Linear Models

If your data is linearly separable, perceptron will find you a separating hyperplane.

But what if my data isn’t linearly separable?

  • perceptron will find a hyperplane that makes some errors
  • what about a hyperplane that makes a minimal amount of errors?

Minimum Error Hyperplane

The error of a linear model \((\mathbf{w}, b)\) for an instance \((\mathbf{x_n}, y_n)\) is:

\[\mathbf{1} [y_n (\mathbf{w} \cdot \mathbf{x_n} + b) \leq 0]\]

where \(\mathbf{1}\) is an indicator function that returns 1 on incorrect prediction and 0 on correct (0-1 loss)

Based on this, we can make an objective to minimize the minimum error hyperplane:

\[\min_{\mathbf{w}, b} \sum_n \mathbf{1} [y_n (\mathbf{w} \cdot \mathbf{x_n} + b) \leq 0]\]

This is ERM: empirical risk minimization.

But there are problems:

  • the loss fcn is not convex
  • not differentiable

Alternatives to 0-1 Loss

We need to find an upper-bound to 0-1 loss that is convex, so that minimization is easy.

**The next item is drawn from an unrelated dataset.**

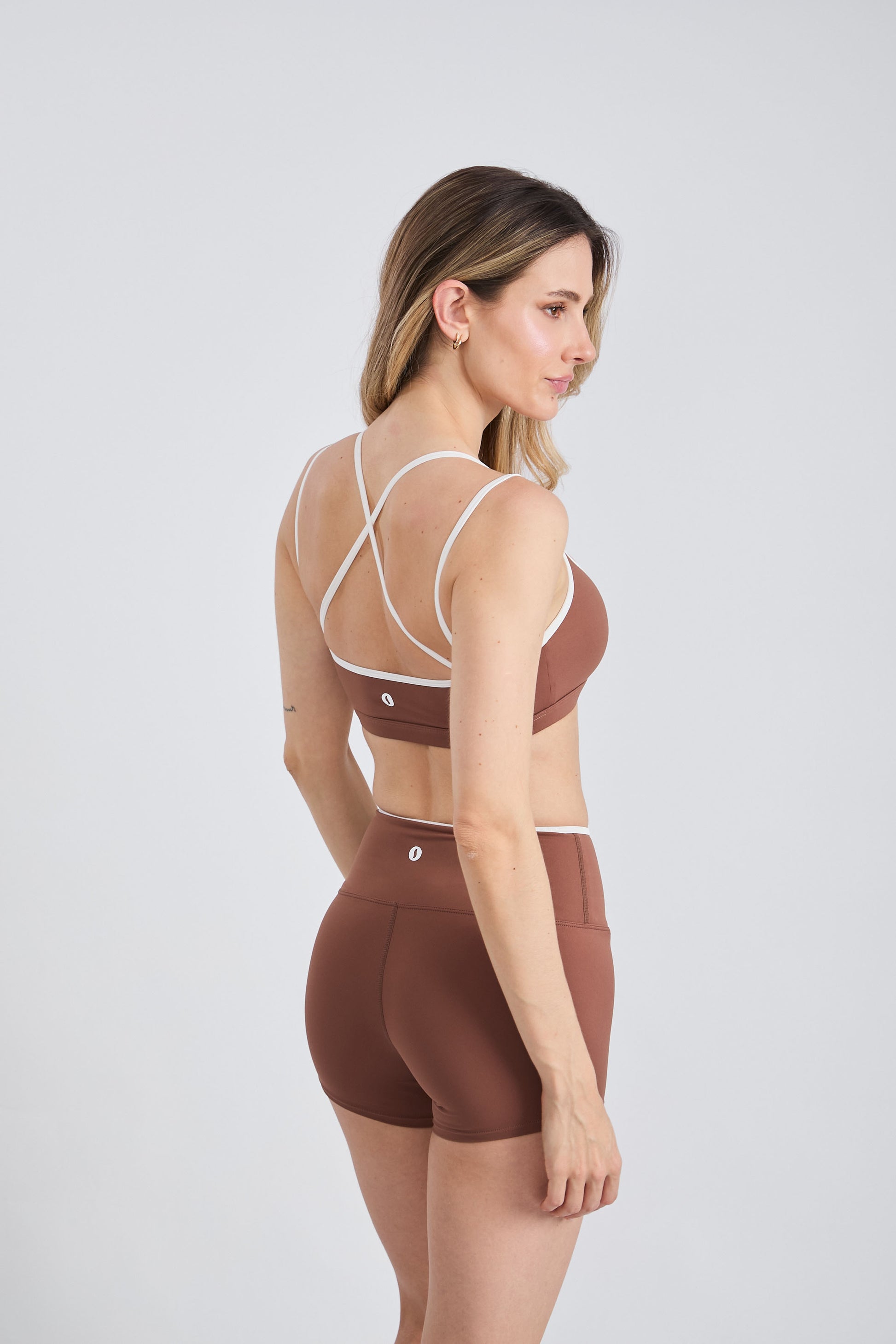 A clean, sporty must-have. El Top Lua combina doble tira delgada con un diseño cruzado en la espalda, creando un look moderno y súper favorecedor. El piping blanco en contraste le da ese toque sporty–minimal.

Also, minimizing the upper bound of the objective pushes down the real objective.

Given \(y, a\) (label, activation):

  • 0/1: \(l^{(0/1)}(y, a) = 1[ya \leq 0]\)
  • hinge: \(l^{(hin)}(y, a) = \max\{0, 1-ya\}\)
  • logistic: \(l^{(log)}(y, a) = \frac{1}{\log 2} \log(1 + \exp[-ya])\)
  • exponential: \(l^{(exp)}(y, a) = \exp[-ya]\)

These are all convex functions and can be minimized using SGD - except for hinge loss at point 1.

Sub-gradient Descent

How do we minimize a non-differentiable function?

  • apply GD anyway, where it exists
  • at non-diff points, use a sub-gradient
  • sub-gradient of \(f(z)\) at a point \(z'\) is the set of all lines that touch \(f(z)\) at \(z'\) but lie below \(f(z)\)
  • at diff points, the sub gradient is the gradient